I know that was a selfish prayer but I also know that God hears all of our prayers--even when we are focused on ourselves.  Jeremiah 29:12 says "Then shall ye call upon me, and ye shall go and pray unto me, and I will hearken unto you."  He promised to hear our prayers and we know that God does not go back on His promises.  So that night as I lay there unable to sleep, unable to cry, unable to think beyond the pain, I started letting all of the sad thoughts go through my mind.  Then one of my favorite verses came into my mind--"For everything there is a season..." (Ecclesiates 3:1).  Ok, then.  This is just a season and then it will pass.

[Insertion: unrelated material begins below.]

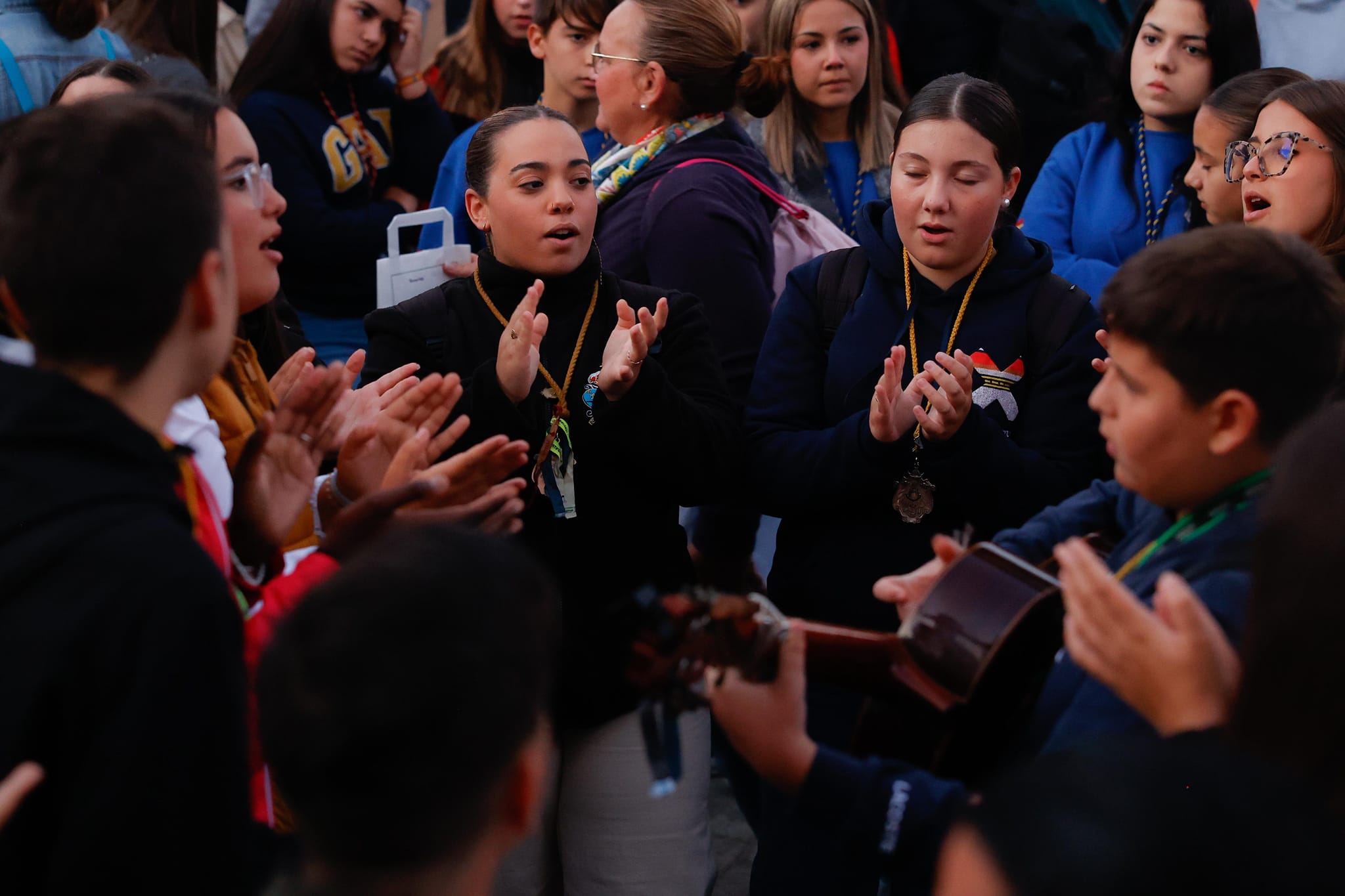 En el mediodía, el rezo del Ángelus, dirigido por el Cardenal Ángel Fernández Artime, quien peregrinó también con los jóvenes, fue uno de los momentos más especiales de la jornada. Hasta este punto del camino se acercaron los usuarios de la Residencia El Pastorcito, que acoge a personas con discapacidad intelectual, y quienes pudieron compartir un rato de oración, fraternidad y alegría con los peregrinos más jóvenes.

But that verse finishes with "...and a time to every purpose under the heaven."

So over the next few days I thought about that word "purpose".  God has a purpose for everything we face, for every trial, for every triumph, for every valley and every mountain.  And I know there is a purpose for my hurting heart.  In time I will know, I will see, and I feel like I'm being shown a glimmer of the direction where all of that pain and loss can be used to bring glory to God.



As I said, I've always loved the changing of the colors of the leaves in the fall.  As they die it shows us that there is beauty in growing old and reaching the end of our time.  That even as we depart from our original purpose that we can still be of use.  So that is what I need to focus on.  The fact that we all have a cycle of life and there will be seasons and some will bring joy and some will bring sadness but they all come from God.  I want to be like one of those leaves.  I want to bring Him glory regardless of changes going on.  I want to be of use until I'm all used up.  That will be my goal this year.  To provide beauty in the form of a helping hand, a listening ear or a strong shoulder to those people God sends my way--that would be an excellent way to spend this fall!

Even though I miss my loved ones no longer with me (and all of you have someone you miss too!) I'm making an effort to focus on the beauty, on the good things, on the happy things.  Hopefully, I will find some time to get in the kitchen and make a pot of Momma's soup.  And if the hubby is VERY lucky, I might even make a bowl of popcorn crunch.  And the ache of my heart has eased a little because I recently was able to use my experiences to be a guide for someone else.

Thank you, Lord, for always hearing my prayers--even when very few word will come.